Visser introduit le couple problème-solution et explique (2001, p. 5) : « Dès le moment que le concepteur commence à construire une représentation des spécifications initiales du problème et qu’il entreprend leur analyse, il commence à spécifier une solution. » Outre l’interdépendance du problème et de la solution, nous remarquons aussi que les deux se précisent simultanément au fur et à mesure que la conception avance.

Pour conclure, soulignons que pour un problème de conception (qui est considéré comme mal défini), les critères ne peuvent pas être ordonnés par un ordre objectif d’importance ou de validité, unanimement accepté par tous les intervenants du projet. Il n’y a pas une solution unique au problème et il n’est pas possible de qualifier la solution de correcte ou d’incorrecte. La solution adoptée est une possibilité parmi d’autres qui émerge selon la considération des critères par le concepteur et son point de vue du problème. Visser (2001) fait référence à Simon (1973) et explique : « La solution est plus ou moins satisfaisante : il n’y a pas de critère définitif pour tester toute solution proposée, comme il en existe pour des problèmes bien définis. »

La solution et le problème évoluent-ils ensemble ?

Le découpage de la conception en étapes (présenté par le modèle de B. Archer, cf. figure 10) est reconnaissable dans le cas des dispositifs interactifs. Cependant, la question d’évaluation de l’interaction tout au long des activités de conception a une place importante dans le processus.

La démarche de conception utilisée généralement par les organisations qui font le design des dispositifs interactifs consiste à procéder par trois phases : l’analyse du problème (en termes d’ergonomie cognitive, il s’agit de la construction d’une représentation mentale du problème) ; le développement ou génération d’une solution ; et

l’évaluation de cette solution. Chaque phase est divisée en plusieurs étapes séparées l’une de l’autre, mais dans le cas d’un projet mal défini, séparer le problème et la solution est en contradiction avec l’interdépendance de ces deux activités. Visser (2001) explique que si un concepteur est en situation de résoudre un problème qu’il juge similaire à un problème connu, son analyse peut évoquer dans sa mémoire la solution correspondante qu’il pourra réutiliser. Ceci montre qu’en conception, à côté des connaissances plutôt abstraites, un rôle important est joué par des connaissances spécifiques, concernant des problèmes résolus dans le passé. D’autre part, la génération d’une solution et l’évaluation de cette solution ne sont pas des activités totalement séquentielles. Selon Visser, « une solution n’est pas nécessairement développée entièrement avant d’être évaluée. Souvent, une première évaluation d’une solution conduit à un développement renouvelé de celle-ci » (2001, p. 6). L’évaluation conduit le concepteur à porter des jugements sur la validité des solutions, mais elle sert aussi à orienter l’activité de résolution de problème.

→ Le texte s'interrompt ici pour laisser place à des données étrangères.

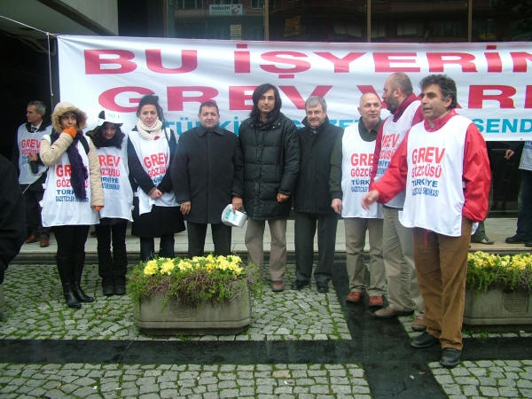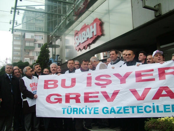 TGS Başkanı Ercan İpekçi, ''Bu iş yerinde grev vardır'' yazılı pankartın asılmasının ardından yaptığı konuşmada, 26 Haziran 2008'de Turkuvaz grubuyla başlayan toplu iş sözleşmesi görüşmelerinde 22 maddede anlaşma sağlandığını, ancak sonrasındaki süreçte tüm girişimlerin sonuçsuz kalması sonucu grev aşamasına gelindiğini belirtti. İnsan Hakları Evrensel Beyannamesi'nin ''Herkesin menfaatlerinin korunması için sendika kurmaya ve bunlara katılmaya hakkı vardır'' maddesinin yanısıra Anayasa'nın da ''Sendikalara üye olmak ve üyelikten ayrılmak serbesttir. Hiç kimse sendikaya üye olmaya, üye kalmaya ve üyelikten ayrılmaya zorlanamaz. Herhangi bir iş yerinde çalışabilmek, işçi sendikasına üye olmak veya olmamak şartına bağlanamaz'' hükümlerini içerdiğini kaydeden İpekçi, ''İnsan hakları, Anayasa, demokrasi kavgası veriyoruz'' diye konuştu.

Ce point est également discuté par Cross (1999) dans un contexte de design sans mentionner expressément l’interactivité. Il explique qu’à cause de la nature mal définie des problèmes de design, ils ne peuvent pas être résolus simplement par le rassemblement et l’analyse des données. Il cite (p. 29) l’architecte Richard MacCormac : « I don't think you can design anything just by absorbing information and then hoping to synthesise it into a solution. What you need to know about the problem only becomes apparent as you're trying to solve it. » Pour MacCormac, il n’est pas possible de prédire et d’établir toutes les données pertinentes avant l’activité de conception. Enfin, nous pouvons dire qu’aussi bien en design en général qu’en design de l’interactivité, pour la partie de problème qui est mal définie, la solution et le problème évoluent ensemble.